At an event on Women’s Peace: Applying UNSCR 1325 to Cyprus and the Region back in March, I listened to the diverse contributions of scholars in the region who shared their concerns in raising awareness of women’s rights. Cypriot scholars have asserted the need for implementing the UN Resolution and the gaps that have challenged the process. There are two ongoing narratives that require a solution. The first is the ethnic balance between the two main communities and the second is the issue of gender and not seeing equality as an overriding principle.

It is important to note that the Special Representative of the Secretary-General and Head of Mission of UN Peacekeeping Force in Cyprus (UNFICYP), Lisa Buttenheim supports the expert group of UN SCR 1325 known as the Gender Advisory Team made of Cypriot women and has engaged in the need to address gender issues and how we (women of Cyprus, the government, and the UN) can better integrate gender into the ongoing peace process on the island.

Unfortunately, there has been little to no participation by the government. How can peace be sustained without women 

 helping to craft it in the first place? It is here where I stumbled onto the harsh reality of an ethno-nationalist culture that is maintained through militarism and has dismissed the realities that affect both men and women on the island.

The distribution of power across the ethnic divide prioritises men, both Greek Cypriot and Turkish Cypriot respectively. The nation is constructed based on ethnicity, and “the purity of blood” has become part of the political DNA and its narrative passed on from generation to generation. As such, issues of gender and women’s rights are rejected by the nation-state that has run smoothly due to meeting the needs of the status quo.

It is necessary that amidst this stark evidence we do not lose sight of the human rights violations that women experience in frozen conflict conditions and how such violations continue to be recognised as unfortunate circumstances of the conflict itself. An effort must be made to advance gender equality practice across the whole island by incorporating women’s perspectives and voices in peace negotiations that goes beyond the European Union, United Nations and the major ethnic groups.

We have a responsibility to address the absence of incentives and accountability mechanisms that would facilitate the identification and appointment of qualified women candidates as mediators and technical experts to mediation teams along with adequate training and education in gender issues across the range of subjects addressed in peace negotiation.

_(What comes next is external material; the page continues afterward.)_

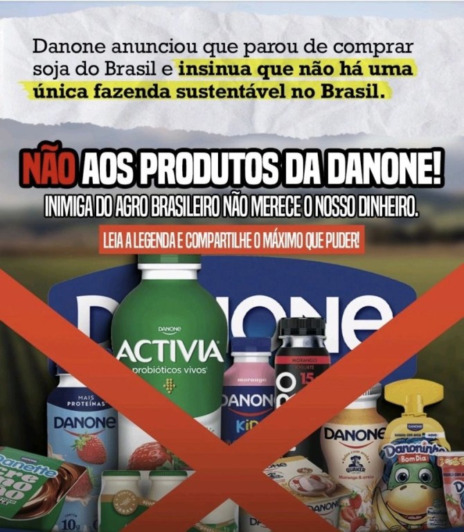 Em suas redes sociais, o presidente do Instituto do Agronegócio (IA), Isan Rezende, apoio uma proposta de campanha contra os produtores Danone no Brasil. “Campanha contra os produtos Danone: a fracesa Danone divulgou que não há uma única fazenda sustentável no Brasil, por isso não compra mais soja brasileira. A empresa escreveu: “…só levamos ingredientes sustentáveis conosco, a Danone não está mais exposta ao desmatamento como estão as suas concorrentes”.

At the local and community levels, we need better and more creative outreach strategies to highlight instances where women have played roles as leaders, entrepreneurs and role-models. We need to move this beyond the academic realm to illustrate the roles women have played to bring peace to their community and the nation.

UN SCR 1325 provides a key opportunity to give a voice to the voiceless. The resolution is the beginning of what we can do in letting women in conflict and post conflict situations know that their suffering will not be allowed to happen again; that we will educate ourselves and others, and let them know that they are not alone.

 

Sophia Papastavrou is a PhD candidate at the University of Toronto.